= Beginning of Section =
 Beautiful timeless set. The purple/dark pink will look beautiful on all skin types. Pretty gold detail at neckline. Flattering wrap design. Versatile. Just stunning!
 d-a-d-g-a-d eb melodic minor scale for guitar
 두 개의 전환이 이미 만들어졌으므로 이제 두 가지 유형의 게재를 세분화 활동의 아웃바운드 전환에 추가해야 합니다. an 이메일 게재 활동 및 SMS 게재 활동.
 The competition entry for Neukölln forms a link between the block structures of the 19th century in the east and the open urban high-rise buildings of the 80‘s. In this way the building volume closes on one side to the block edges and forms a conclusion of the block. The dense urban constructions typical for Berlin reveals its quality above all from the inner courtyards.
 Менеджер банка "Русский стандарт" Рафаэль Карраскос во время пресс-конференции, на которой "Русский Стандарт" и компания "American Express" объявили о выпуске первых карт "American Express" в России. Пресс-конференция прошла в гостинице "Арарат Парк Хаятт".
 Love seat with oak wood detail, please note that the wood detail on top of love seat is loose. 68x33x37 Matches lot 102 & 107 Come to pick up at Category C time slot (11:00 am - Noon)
= End of Section =
= Beginning of Section =
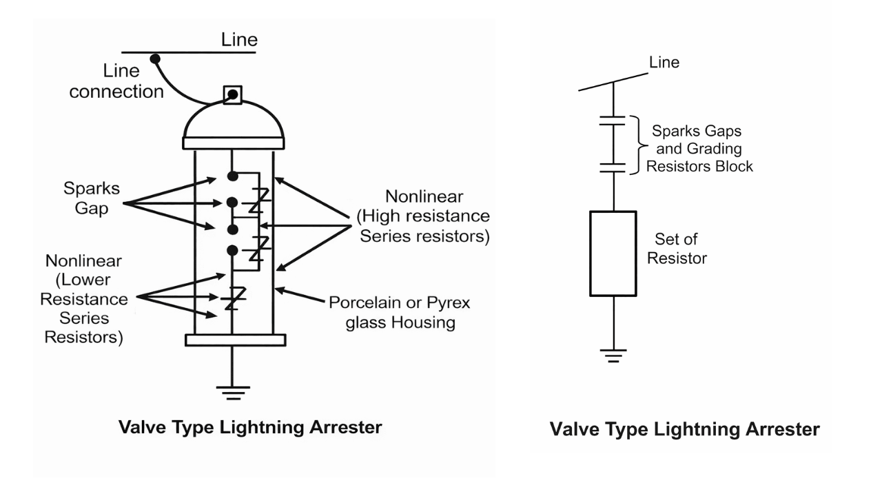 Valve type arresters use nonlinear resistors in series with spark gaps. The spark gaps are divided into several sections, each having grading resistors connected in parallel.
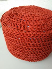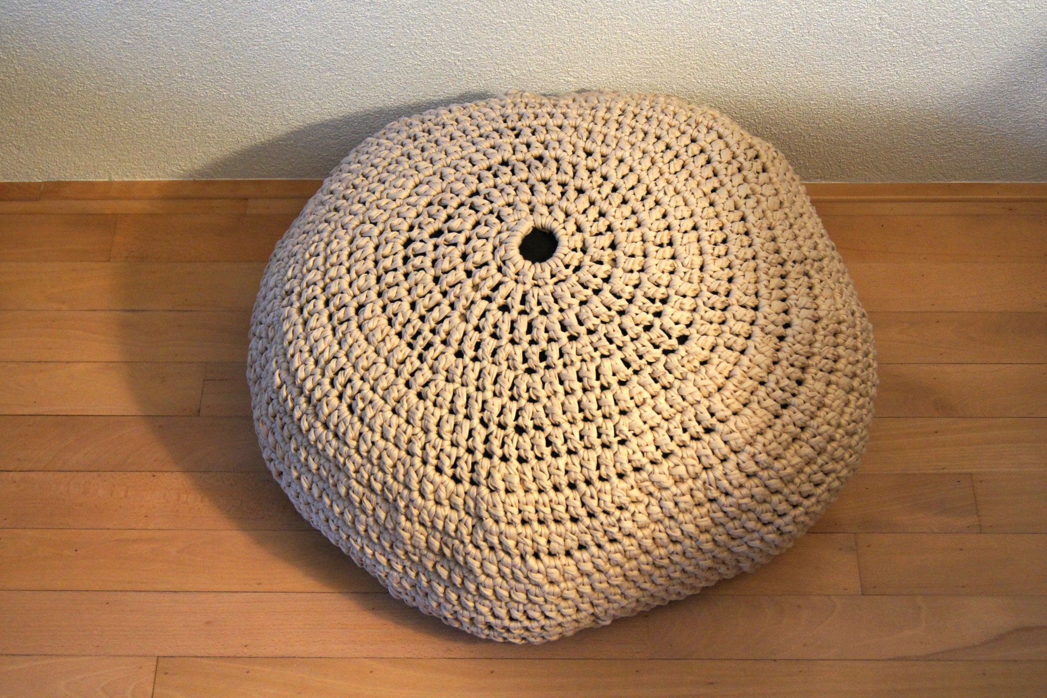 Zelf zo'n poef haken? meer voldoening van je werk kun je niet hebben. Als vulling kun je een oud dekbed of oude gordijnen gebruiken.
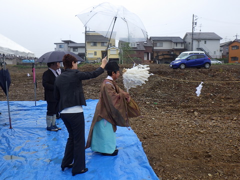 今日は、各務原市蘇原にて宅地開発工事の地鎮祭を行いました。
= End of Section =
» **WORK TASK**
Please output exactly the lines between the one holding "The competition entry" and the one holding "Love seat with" in the records above, inclusive, and nothing more.

» **YOUR SOLUTION**
 The competition entry for Neukölln forms a link between the block structures of the 19th century in the east and the open urban high-rise buildings of the 80‘s. In this way the building volume closes on one side to the block edges and forms a conclusion of the block. The dense urban constructions typical for Berlin reveals its quality above all from the inner courtyards.
 Менеджер банка "Русский стандарт" Рафаэль Карраскос во время пресс-конференции, на которой "Русский Стандарт" и компания "American Express" объявили о выпуске первых карт "American Express" в России. Пресс-конференция прошла в гостинице "Арарат Парк Хаятт".
 Love seat with oak wood detail, please note that the wood detail on top of love seat is loose. 68x33x37 Matches lot 102 & 107 Come to pick up at Category C time slot (11:00 am - Noon)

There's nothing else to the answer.